On 14 July 2016, in Taylor Clark Leisure plc v HMRC2, the Scottish Court of Session held that claims made by a former member of a VAT group under section 80 VATA 1994 (overpaid VAT) were treated as made by the representative member of the VAT group.
The appellant in this case was the VAT group representative member. The group made supplies of gaming machines and bingo. A one-time member of the VAT group (C) left the group and subsequently, following a review of the UK’s historic treatment of the VAT liability of supplies of gaming machines and bingo, made a number of claims for repayment of overpaid VAT. Although C made these claims within applicable time limits, the appellant (the representative member) failed to do so.
HMRC made certain repayments direct to the appellant (where C had made the claims in the appellant’s name), before changing its mind and seeking recovery of the repayments. HMRC refused to make other repayments. The appellant appealed HMRC’s attempts to recover and refusals to pay.
The Court held that C’s claims should for section 80 VATA purposes be treated as having been made on behalf of the appellant as representative member. The Court considered that the VAT grouping rules created the “fiction” of a single taxable person, existing only for VAT purposes.
All liabilities of HMRC to make repayments were, in the Court’s view, owed to the representative member. The individual group members had no independent existence, for the purposes of VAT. This remained the case even after the individual group member (C) had left the group, and the group as it was had ceased to exist. Adopting this reasoning the Court held that the claims by C had to be construed as having been made by (or rather on behalf of) the appellant.
As HMRC highlighted a number of practical issues that, under HMRC’s argument, supported their case, these were addressed by the Court briefly as follows:
- HMRC should be required to inform any former VAT group member making a section 80 claim that their claim would be considered by HMRC as being made on behalf of the representative member
- the representative member could, if it wished, “override” any purported section 80 claim made by a former VAT group member (for example if the representative member wished to maintain the VAT group’s partial exemption calculation)
- if a section 80 claim made by a former VAT group member is rejected, HMRC should inform the representative member of that fact.
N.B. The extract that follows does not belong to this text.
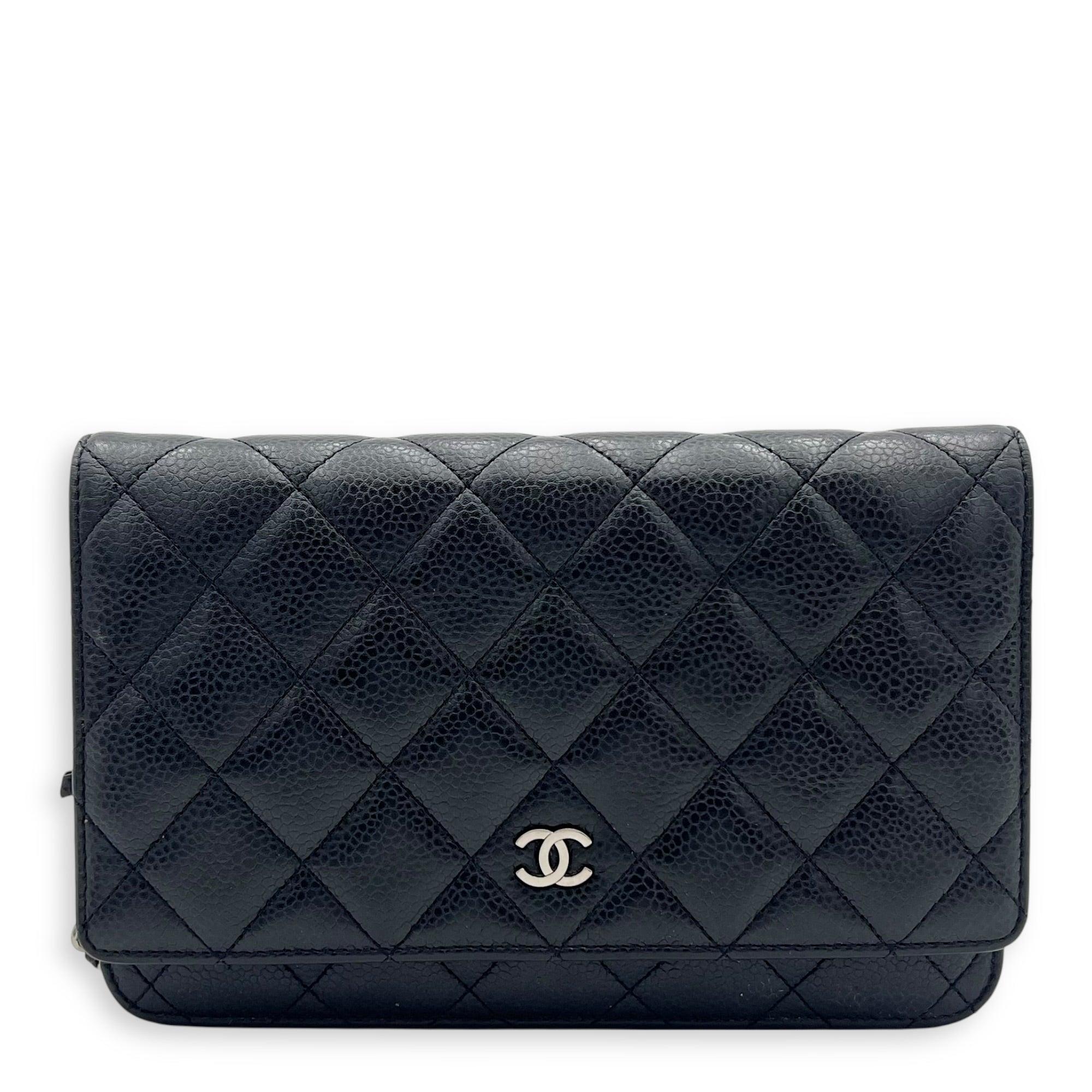 CC Wallet On Chain Black in Caviar Leather, Silver hardware

The law with regards to claims for VAT repayments in the context of VAT groups remains uncertain. This decision reflects the general trend of recent decisions (that it is the representative member who is responsible for/entitled to VAT (re)payments) but will be persuasive only as far as other, ongoing, cases are concerned. It would be helpful if HMRC were to comment on this issue as part of the current consultation into VAT groups following the Skandia and Larentia + Minerva decisions. Pending any such clarification, the best practical advice for VAT groups making repayment claims would be for the representative member to take control of the process (even, if at all possible, in cases where the group member concerned has since left the VAT group).